**** COLLECTED MATERIAL ****

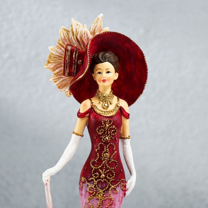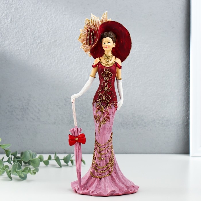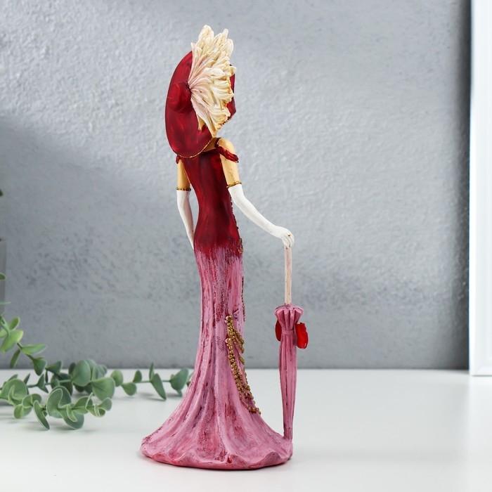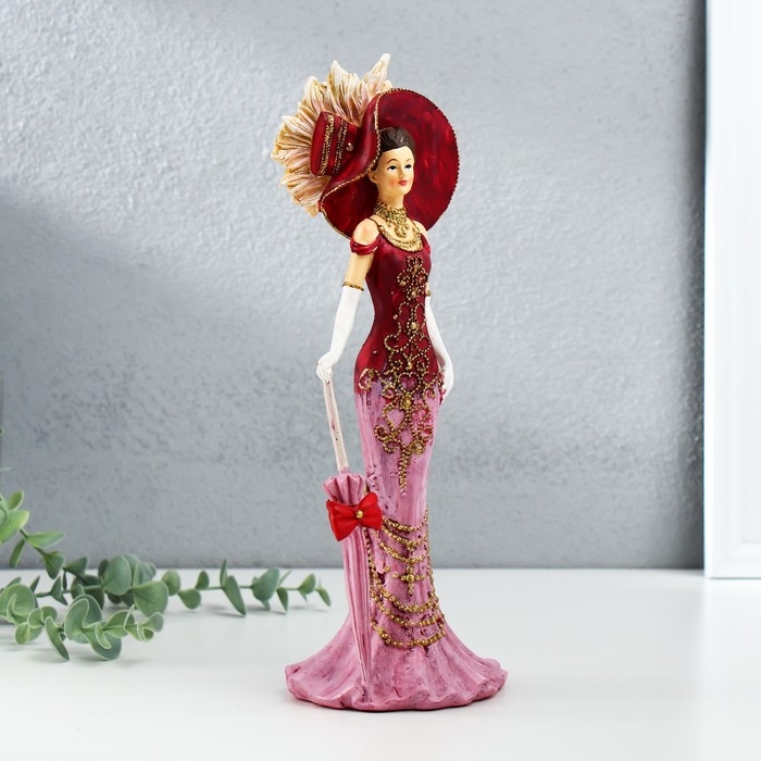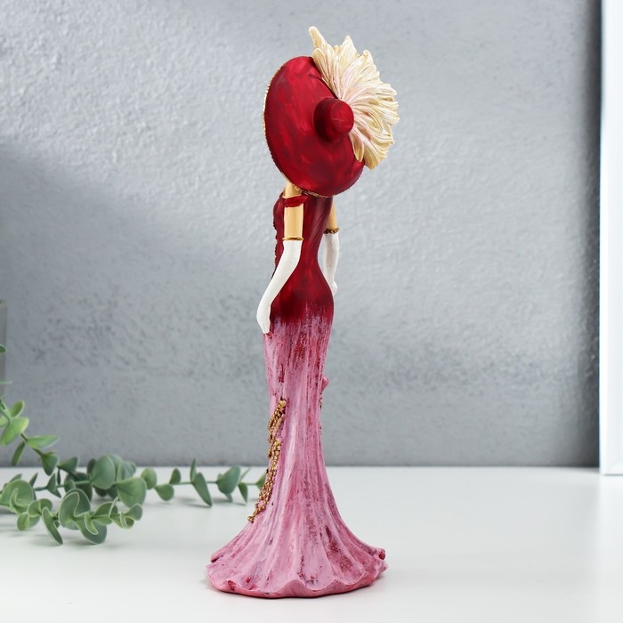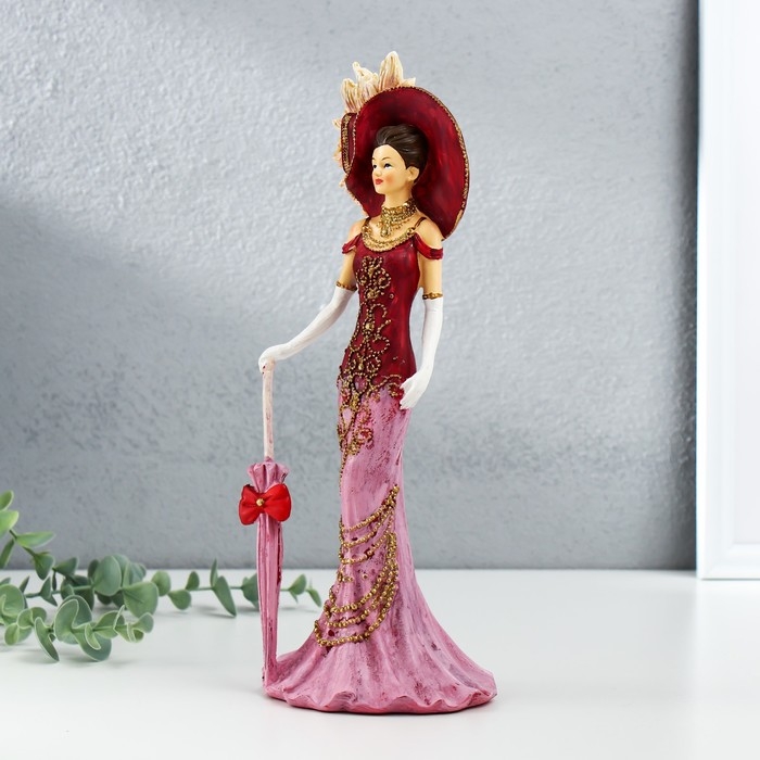Сувенир полистоун "Леди в розовом платье, в шляпе, с зонтом" 11,5х9,5х28,5 см
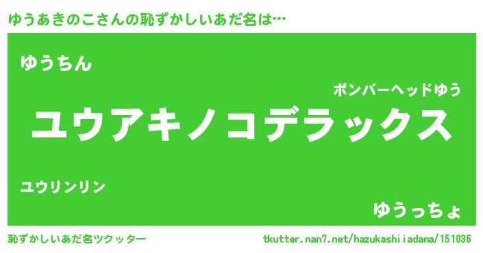 | 可愛いあだ名 | 『ゆううちぇる』『ゆうあきのこママ』 |
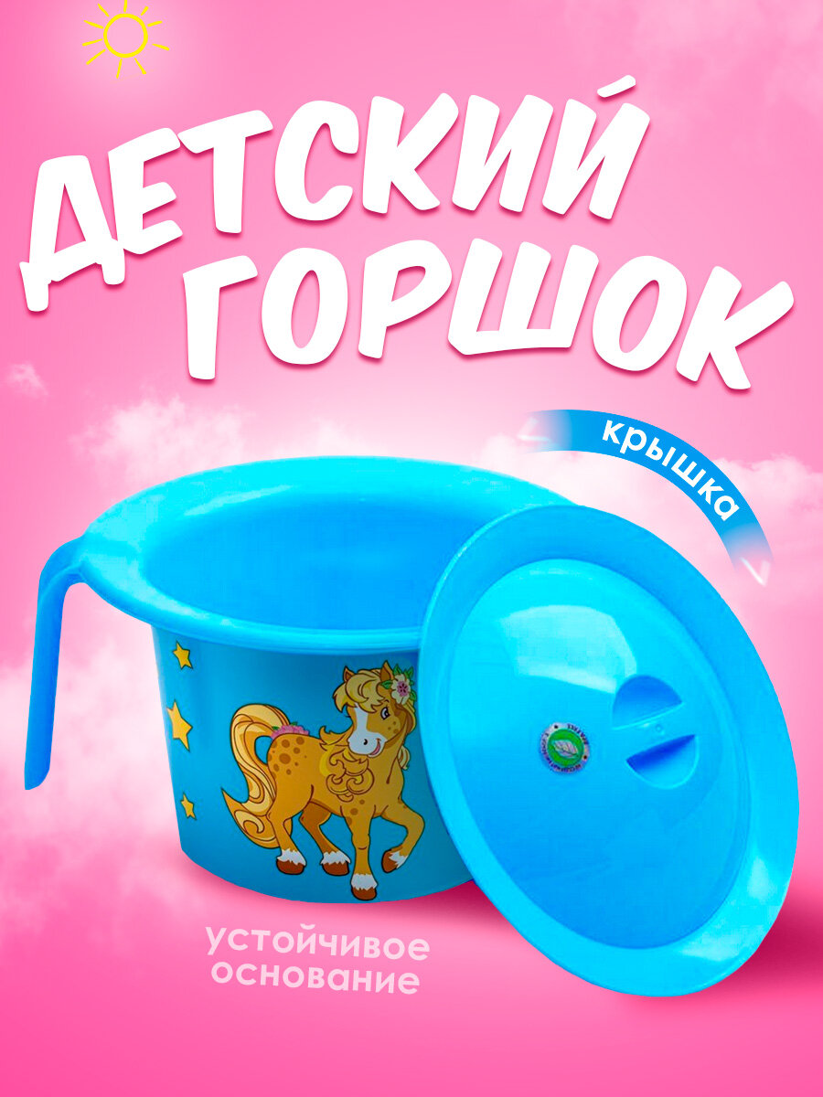 Горшок детский "Кроха" пластиковый с крышкой и декором, (голубой) 392 информация:

****

→ EXERCISE BRIEF: Reproduce exactly and only the lines from the line that contains "可愛いあだ名 | 『ゆううちぇる』『ゆうあきのこママ』 |" to the end of the data above, both ends included. No pictures go in the copy.

→ ANSWER BOX:
 | 可愛いあだ名 | 『ゆううちぇる』『ゆうあきのこママ』 |
 Горшок детский "Кроха" пластиковый с крышкой и декором, (голубой) 392 информация:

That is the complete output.